I believe that the one-quarter of advisors that responded to question one by saying they don’t need a client advisory board to know what their clients want are mistaken. A formal feedback loop lets you know what your clients are thinking. Without formally asking clients what they’re thinking—through surveys, a CAB, or other means, you’re just guessing.
In question six, 57% of advisors say they believe clients will give them referrals despite large losses in their portfolios. If you are among the 43% of advisors who believe your clients will not give you referrals now, it may be worthwhile to examine why you feel this way. Could you do a better job of focusing client relationships on retirement planning, estate planning, risk management, and articulating and planning to achieve long term goals? How can you become less dependent on investment performance for referrals? Can you do a better job of educating clients about market risks?
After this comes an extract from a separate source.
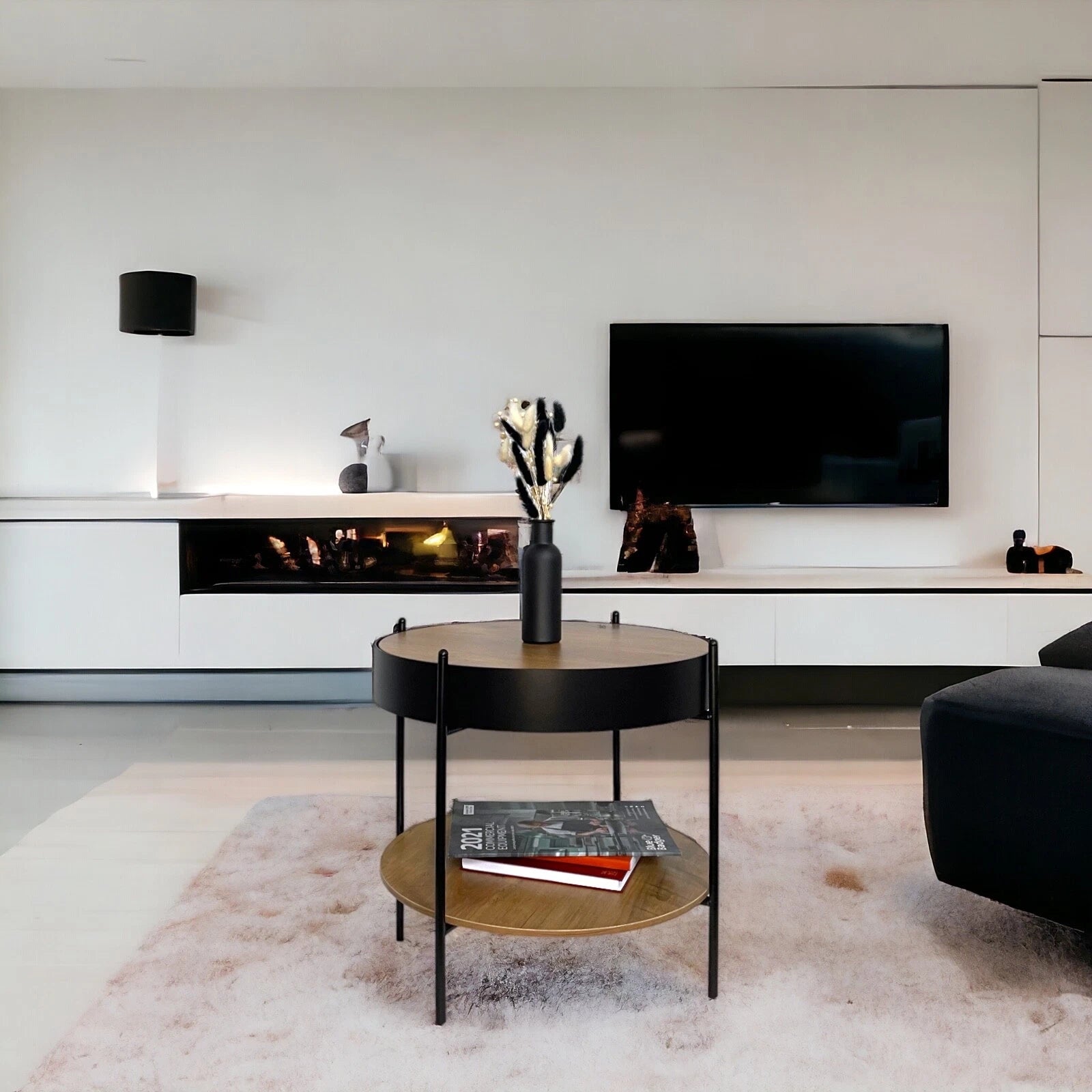 Round Coffee Table Side Table Removable Table Top Storage for Living Room

It’s unfortunate that 43% of respondents to question eight say that establishing a client advisory board would require too much work amid the crisis. With clients in trouble, this is arguably the perfect time to set up a CAB. It would provide an opportunity to demonstrate your commitment to making your firm great even in the worst of times. CAB members are more likely to bond with you now, in difficult times, than ever. This is precisely the right time to elevate communication and show clients you care.
Answers to questions 10, 11, and 12 could be the topic of several blogs. One interesting finding is that 58% of advisors say their website is fairly effective, effective or very effective in marketing to prospects. Yet only 38% say their website is fairly effective, effective or very effective in communicating with clients. That makes sense. Advisors are not yet utilizing Web 2.0 tools available to them to facilitate client service and engagement. According to the survey, 75% of advisors say they do not provide clients with an online vault, 89% say they do not write a blog, 67% are not using online meeting software, and 67% are not providing webinars for clients. While websites have been better for marketing than for client service, the growing use of client portals, online vaults, personalized content delivery, and other Web 2.0 tools will make the Web a much more important tool for serving clients.
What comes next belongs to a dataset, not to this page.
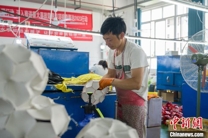 7月22日,贵州省遵义市务川仡佬族苗族自治县大坪工业园区内的一家体育用品生产企业车间,300余名工人正在忙着生产订单足球供应市场,企业生产车间内一派繁忙景象。图为一名工人在足球装胆。 中新社记者唐哲摄

While face to face quarterly or annual meetings remain by far the most effective way of communicating with clients, it’s interesting that personal notes run a close second and are among the most widely utilized tools for keeping in touch with clients. We’ll dig deeper into this in future surveys to determine if handwritten notes are more effective than emails. Your feedback on the use of personal emails with clients would be welcome.
For marketing to prospects, the most widely used vehicle of those listed is a website, followed by personal notes. Both are rated as having about the same effectiveness. Interestingly, brochures, seminars, and webinars are all used by fewer than half of those who responded. The low utilization of these proven marketing vehicles is noteworthy. While the great majority of advisors are not using these marketing tools, some of them appear to be fairly effective. For instance, 52% of those surveyed do not have a brochure, yet 36% of advisors say their brochure is either fairly effective, effective or very effective. Similarly, 40% of advisors are not using email newsletters but 40% say they are either fairly effective, effective, or very effective and the results show hard-copy newsletters are rated as slightly more effective while 40% of advisors do not utilize them.
This indicates many marketing vehicles are not being used by a majority of advisors, although the vehicles are at least fairly effective when used. A minority of advisory firms are able or disciplined enough to invest time and money needed to benefit from these marketing efforts. Those that do reap the rewards.